#### GIVEN INFORMATION
○ ○ ○ ○ ○

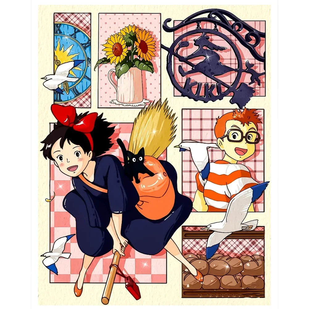 5D Diamond Painting Kiki'S Delivery Service (Velvet Cloth) AB Drill Full Round&Square Wall Rhinestone DIY Art Crafts Mosaic Picture Kit Home Decoration Gift
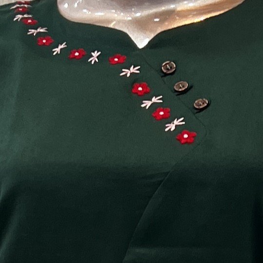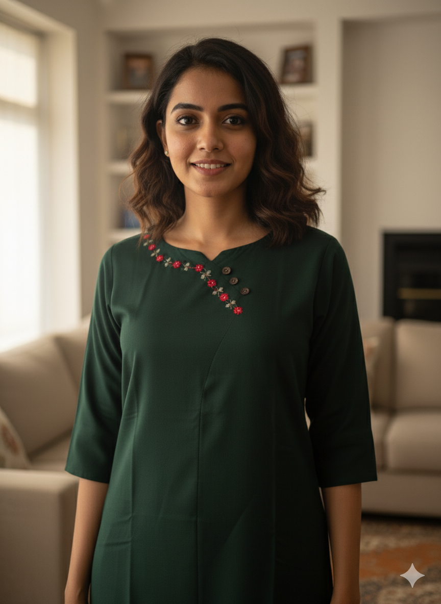 Elegant Deep Green Cotton Straight Kurta with Contrast Embroidered Neck
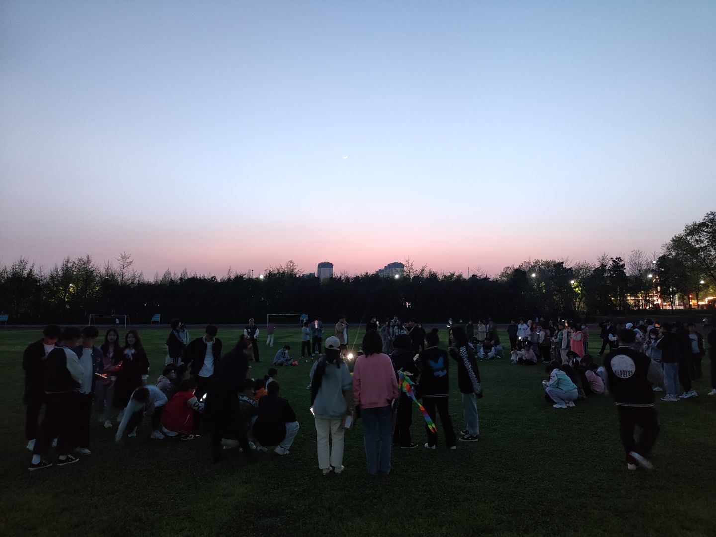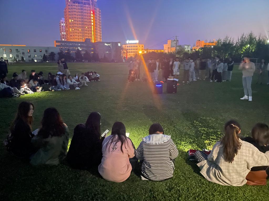 皓月当空,草地与音乐相伴。绿茵场上同学们席地而坐,挥舞闪光灯,随歌声摇摆。舒缓优美的《董小姐》、满含青春与梦想的《老男孩》,一首首青春之歌响起,同学们沉浸在歌声的海洋。音乐、灯光、夜风、旋律是耳机传达不出的氛围,现场展现的是音乐的青春气息。

○ ○ ○ ○ ○

#### EXERCISE AIM
Give the material again exactly as it is, but keep the pictures out.

#### TASK RESPONSE
 5D Diamond Painting Kiki'S Delivery Service (Velvet Cloth) AB Drill Full Round&Square Wall Rhinestone DIY Art Crafts Mosaic Picture Kit Home Decoration Gift
 Elegant Deep Green Cotton Straight Kurta with Contrast Embroidered Neck
 皓月当空,草地与音乐相伴。绿茵场上同学们席地而坐,挥舞闪光灯,随歌声摇摆。舒缓优美的《董小姐》、满含青春与梦想的《老男孩》,一首首青春之歌响起,同学们沉浸在歌声的海洋。音乐、灯光、夜风、旋律是耳机传达不出的氛围,现场展现的是音乐的青春气息。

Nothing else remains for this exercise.